== Problem ==
Repeat all of the data below word for word, keeping no images.

─── Data block ───

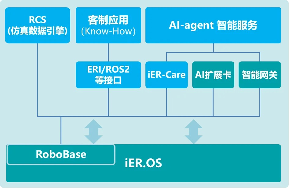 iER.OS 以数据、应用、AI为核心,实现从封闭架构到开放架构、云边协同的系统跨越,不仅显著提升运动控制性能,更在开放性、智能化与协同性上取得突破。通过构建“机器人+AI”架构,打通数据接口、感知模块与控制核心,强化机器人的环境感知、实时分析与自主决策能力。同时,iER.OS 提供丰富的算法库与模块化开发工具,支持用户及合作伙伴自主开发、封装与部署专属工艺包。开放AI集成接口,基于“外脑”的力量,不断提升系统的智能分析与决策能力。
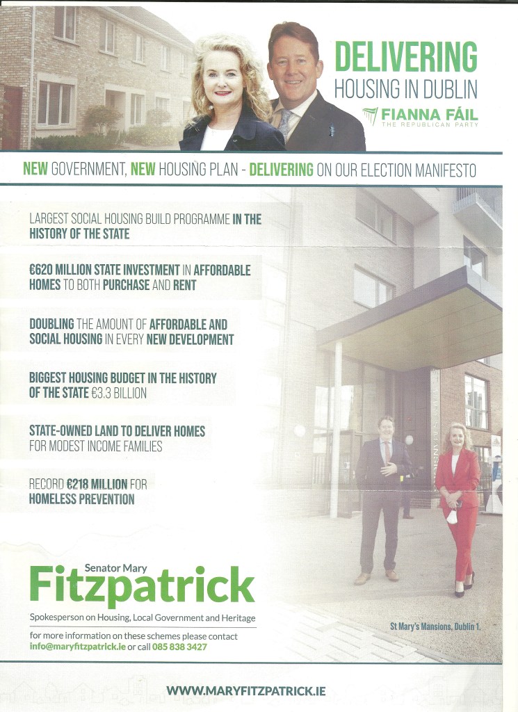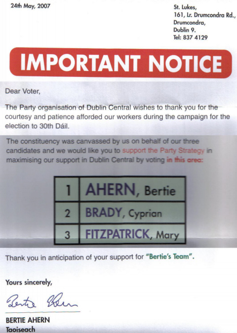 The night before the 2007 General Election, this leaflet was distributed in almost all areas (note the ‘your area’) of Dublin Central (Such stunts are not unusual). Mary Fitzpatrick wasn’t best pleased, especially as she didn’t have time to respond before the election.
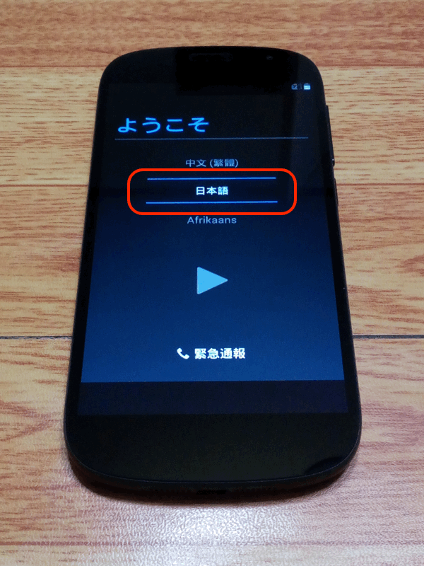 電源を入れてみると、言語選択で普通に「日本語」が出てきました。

───

== Response to this task ==
 iER.OS 以数据、应用、AI为核心,实现从封闭架构到开放架构、云边协同的系统跨越,不仅显著提升运动控制性能,更在开放性、智能化与协同性上取得突破。通过构建“机器人+AI”架构,打通数据接口、感知模块与控制核心,强化机器人的环境感知、实时分析与自主决策能力。同时,iER.OS 提供丰富的算法库与模块化开发工具,支持用户及合作伙伴自主开发、封装与部署专属工艺包。开放AI集成接口,基于“外脑”的力量,不断提升系统的智能分析与决策能力。
 The night before the 2007 General Election, this leaflet was distributed in almost all areas (note the ‘your area’) of Dublin Central (Such stunts are not unusual). Mary Fitzpatrick wasn’t best pleased, especially as she didn’t have time to respond before the election.
 電源を入れてみると、言語選択で普通に「日本語」が出てきました。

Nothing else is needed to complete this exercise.